Call me Ishmael (Herman Melville);
Chiamatemi Ismaele (Cesare Pavese, Adelphi);
Ishmael – chiamatemi così (Ruggero Bianchi, Mursia);
Diciamo che mi chiamo Ismaele (Bernardo Draghi, Frassinelli);
Chiamatemi pure Ismaele (Giuseppe Natali, UTET);
Chiamami Ishmael (Alessandro Ceni, Feltrinelli);
Chiamatemi Ishmael (Ottavio Fatica, Einaudi).
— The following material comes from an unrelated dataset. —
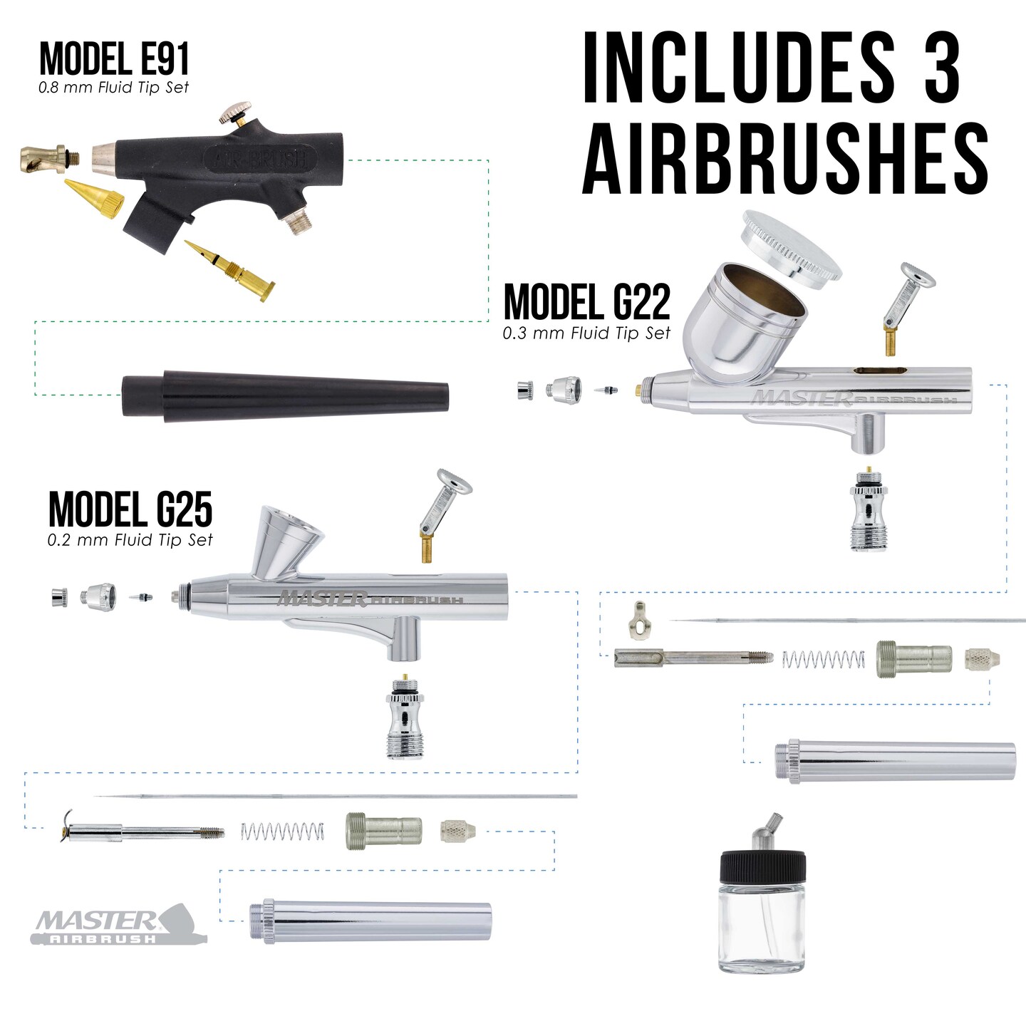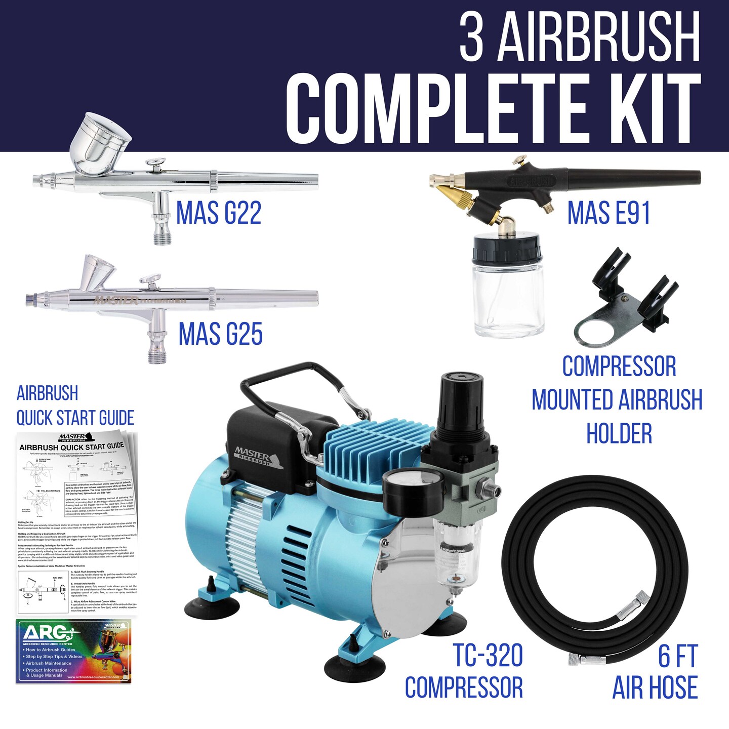 Cool Runner II Dual Fan Air Compressor Airbrushing System Kit with 3 Airbrush Sets 0.2, 0.3mm Gravity & 0.8mm Siphon Feed - Hose, Holder, How-To Guide

Tante sono le strade aperte dal naufragio del senso, una soltanto la bianchezza della balena; discutibile la musica di ciascuna soluzione, inconfutabile il mistero di una beltà primigenia. Cosa, nella vita, non è frutto di una traduzione?

Massimamente sogni

Negli ultimi giorni mi capacito di questa città Palermo che ti fa inabissare, sprofondare in precipitosa rovina di sensi mentre ci cammini a piedi infilzandoti nelle resurrezioni architettoniche dei vecchi palazzi bucati dalla seconda guerra; mentre vedi facce che facce sconosciute non sembrano esistere, ma solo volti infuocati che dicono famiglia ai tuoi occhi pronti a partire; mentre credi vera l’epifania che dà un senso a tutto, persino al nautoscopio visto da un palazzo con la faccia sulla Cala; persino al fine vita della tua scaturigine; persino all’ultimo alito di burattino che soffia dal ventre di uno scantinato nel teatrino delle beffe. Tutto questo ti stanca ma ne vuoi ancora; ne vuoi ancora ma ti stanca. E massimamente sogni di dormire in un cantuccio solo tuo con questi tesori brulicanti sul cuscino.